Jackets’ Tangled Drawstrings Spell Danger
The death of an Ohio eighth-grader is spurring action on an easily overlooked hazard: drawstrings at the waists of children’s jackets.
Beginning today, the Consumer Product Safety Commission will advise manufacturers and parents to shorten cords, stitch down strings and remove the toggles that reportedly have contributed to accidents, injuries and deaths.
The guidelines are a follow-up to an effort last year in which dozens of children’s clothing manufacturers agreed to stop putting drawstrings on hoods and necklines.
The CPSC is going a step further by trying to alert parents, stores and garment makers to the 17 children killed and 42 children injured in the last decade because of tangled drawstrings at the neckline and elsewhere.

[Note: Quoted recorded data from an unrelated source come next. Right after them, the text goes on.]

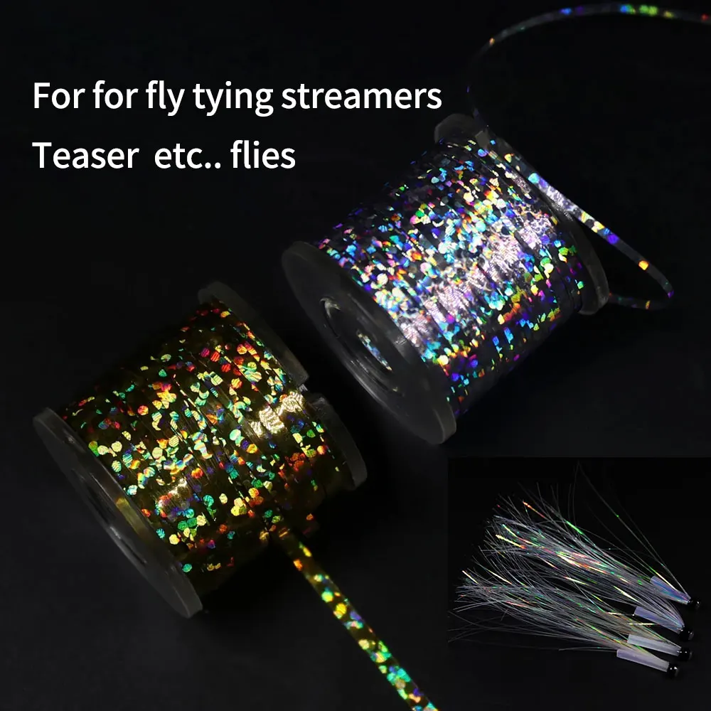Bimoo 200 yardas/carrete 0,5mm-2,5mm Fly Tying Tinsel Flash Tape Pearl Holographic Streamer Teaser Fly Tying Material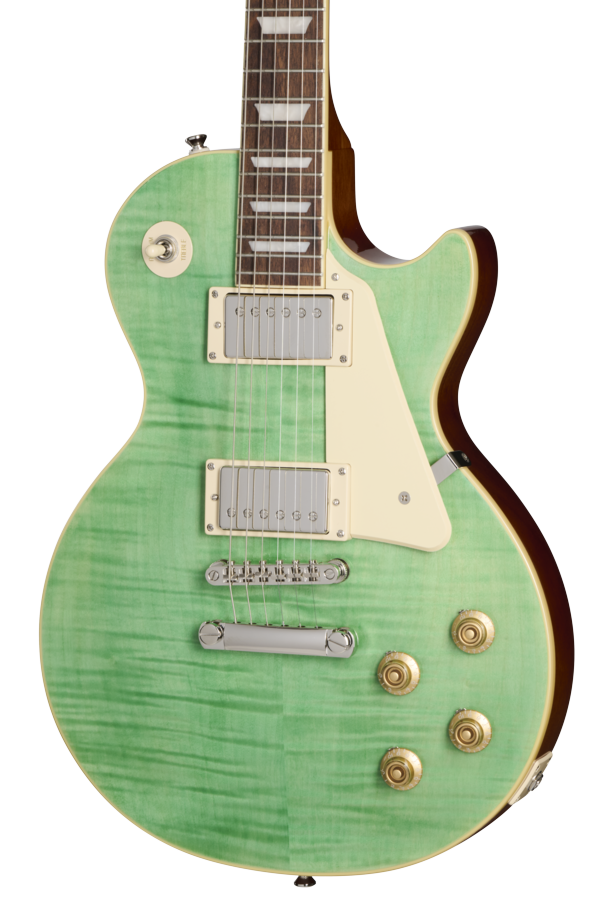 Guitars Pedals Amps & Stuff are excited this week as the almighty Epiphone Les Paul Standard 50s Figured in Seafoam Green is now back in stock. These are built to an exceptionally high standard. We deliver Epiphone Electric Guitars straight to your door via our tracked *roadie service* across the UK, Europe, and the USA. A firm favourite among the finest gear available in the UK. if you want the full low down, click through to the Epiphone crew direct for more details, images, specs, and all the good stuff. Epiphone Les Paul Standard 50s Figured in Seafoam Green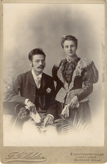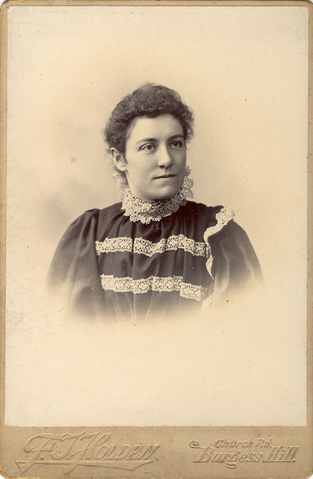 | [ABOVE] A cabinet portrait of a young couple by Frederick James Holden, No.2 Southdown Villas, opposite church, Burgess Hill, Sussex (c1899). | [ABOVE] A cabinet portrait of a young woman by Frederick James Holden of Church Road, Burgess Hill, Sussex (c1900). |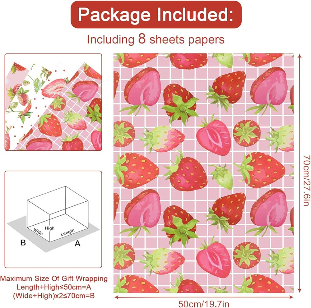 𝓖𝓻𝓮𝓪𝓽 𝓥𝓪𝓵𝓾𝓮 𝓟𝓪𝓬𝓴 🍓🍓You will get 8 sheets 4 designs Strawberry Wrapping Paper.Enough to meet your various wrapping gift needs and art craft making.

Brandi Browder was getting off a school bus in front of her Beavercreek, Ohio, home earlier this year when one end of the cord on her coat became hooked on the bus handrail. The 13-year-old was dragged under the vehicle and killed.

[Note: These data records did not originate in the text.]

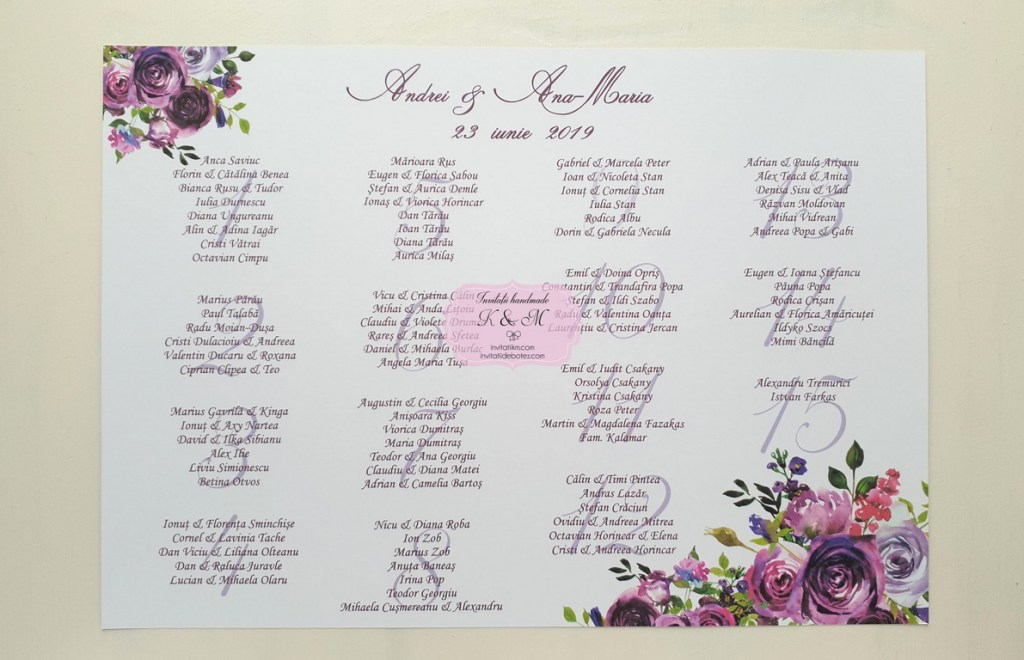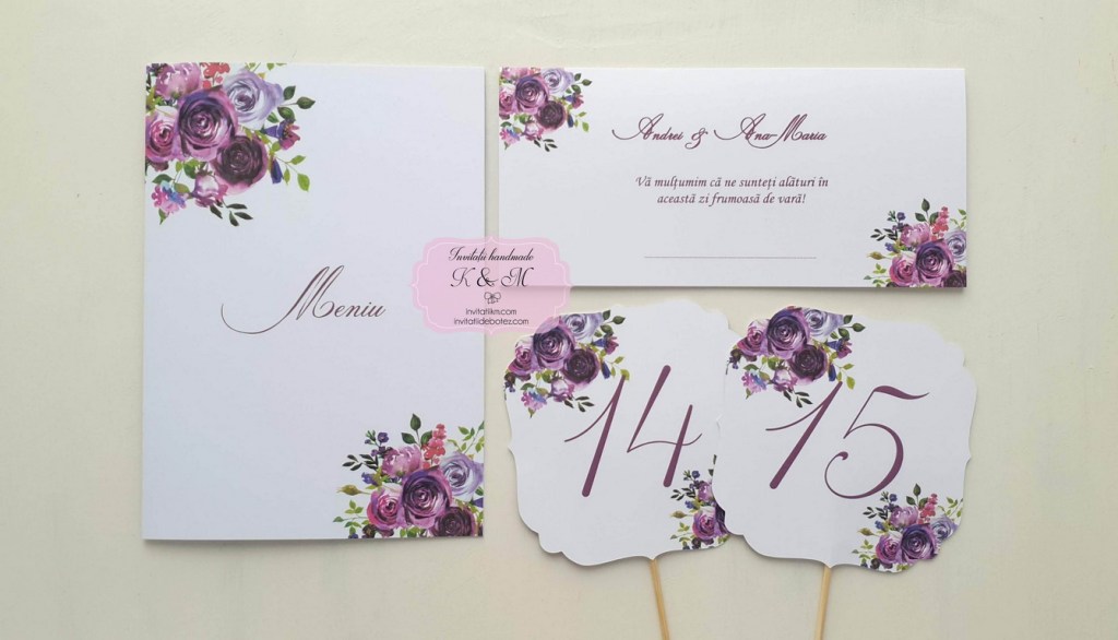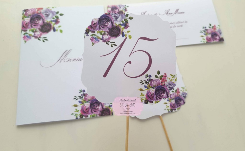 Meniu, numar masa si plic de bani/card de asezare cu flori mov si lila
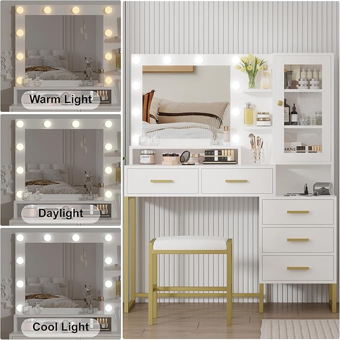 - Makeup Every Time: Enhance your beauty routine with our makeup vanity desk equipped with 10 adjustable LED bulbs and three light modes. Create the perfect lighting ambiance to achieve flawless makeup every day.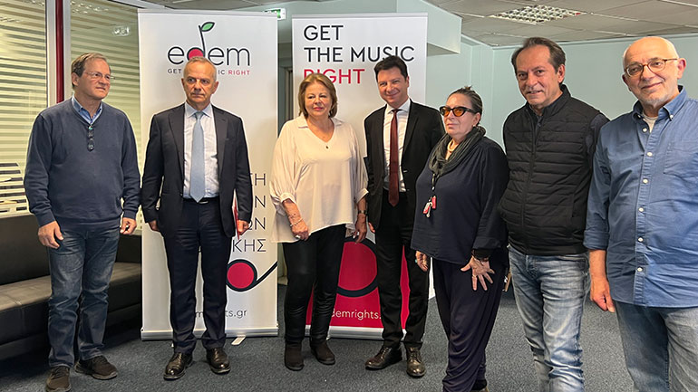 Μια σημαντική συμφωνία για τους πνευματικούς δημιουργούς μουσικών έργων υπογράφηκε μεταξύ της «Ελληνικό Φεστιβάλ Α.Ε.» και της Ένωσης Δικαιούχων Έργων Μουσικής- ΕΔΕΜ. Η συμφωνία αφορά την αδειοδότηση των μουσικών έργων που εκπροσωπεί η ΕΔΕΜ στις πολυάριθμες συναυλίες, θεατρικές παραστάσεις, μουσικοχορευτικές και λοιπές εκδηλώσεις που διοργανώνονται κάθε χρόνο στο πλαίσιο του Φεστιβάλ Αθηνών Επιδαύρου. Στη συνάντηση που πραγματοποιήθηκε στις 17 Μαΐου στα γραφεία της ΕΔΕΜ, παρευρέθηκαν από την Ελληνικό Φεστιβάλ Α.Ε. ο κ. Δημήτρης Πασσάς, Πρόεδρος Δ.Σ. και ο κ. Ιωάννης Καπλάνης, Γενικός Διευθυντής. Από την ΕΔΕΜ παρόντες ήταν ο κ. Χρήστος Νικολόπουλος, Πρόεδρος Δ.Σ., η κα Λίνα Νικολακοπούλου, Αντιπρόεδρος Δ.Σ., ο κ. Παρασκευάς Καρασούλος, Γραμματέας Δ.Σ., ο κ. Αθανάσιος Φουργιώτης, Ταμίας ΔΣ, η κα Λούκα Κατσέλη, Γενική Διευθύντρια, ο κ. Σπύρος Σορβατζιώτης, Νομικός Σύμβουλος και ο κ. Κώστας Μακρής, Διευθυντής Εμπορικής Ανάπτυξης.

The death inspired Sen. Mike DeWine, R-Ohio, to investigate the safety of school buses and push for repairs of the tiny gap between the bus rails and walls. And Rep. Dave Hobson, R-Ohio, asked the CPSC this summer to expand its drawstring neckline initiative and investigate the dangers of drawstrings that dangle below the waist.
Brandi’s mother planned to join DeWine, Hobson and CPSC Chairman Ann Brown at a news conference today.
DeWine said he’d be willing to consider further action making the new guidelines mandatory, but he believes the manufacturers should first be given a chance to make the changes on their own.